Understood within the context of Jung’s psychology, such rigorous honesty is a far cry from any moral irresponsibility. On the contrary the moral demand to confront one’s shadow grounds a harrowing, lifelong Self-examination under the scrutiny of the Self’s critique of one’s conscious position made most tellingly through the dream. Such a process demands a far more prolonged, deeper and extensive examination of conscience and an accompanying penitential sensitivity than collective religions can provide with their lists of general sins. These lists of sins do, indeed, document the truly dehumanizing, but because of their general nature fall short of identifying
the specific evil of an individual life as do dreams.
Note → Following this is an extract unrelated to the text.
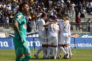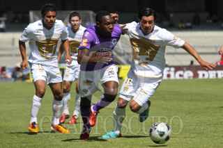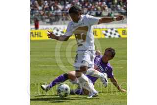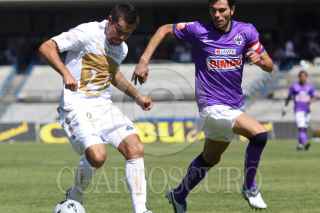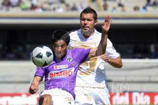 MÉXICO, D.F., 30ENERO2011.- Sergio Perez de los Rayados del Monterrey pelea el balón con Leandro Augusto de los Pumas de la UNAM durante el encuentro que se realizo en el Estadio Olímpico Universitario de la jornada 4 del Torneo Clausura 2011 del fútbol mexicano en donde los Pumas vencieron 3 goles por 2 a los Rayados. FOTO: RODOLFO ANGULO/CUARTOSCURO.COM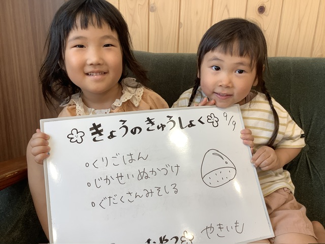 今回は白米と一緒に、栗と酒、塩を混ぜて炊き込みました。ふっくらホクホクで甘みの強い栗を食べて、こども達にも秋の訪れを感じてもらえたらと思います。

Jung is explicit in his statement that such morally rigorous, often humiliating, shadow work is the work of a lifetime.29
The process is even more demanding when shadow reclamation takes the form of withdrawing a negative projection cast upon a community, especially upon a community bonded by a system of counter-beliefs presided over by a competing monotheistic God. Such collective demonization may be systemic to monotheistic consciousness, which to date has tended to relate to other and competing monotheistic communities as embodying, if not evil itself, at least an intransigent heart hardened against the preferred version of the One true God. This projection, to date apparently unavoidable in monotheistic collective consciousness, targets the competing community for conversion, genocidal extermination or, at best, a rejective tolerance in the ghetto. If the psychological dynamism operative in the discomfort with variant or contradicting forms and communities of monotheism shown by monotheistic communities to each other could be identified, such identification would contribute to the uncovering of the connection between communal monotheism and violence. Jung’s psychology casts some considerable light on the historically and so empirically evident connection between monotheistic faith and death. For Jung’s psychology strongly implies that monotheistic communities may need to project their shadow and so to demonize their variants as endemic to the process of their self-making or bonding under the One true God.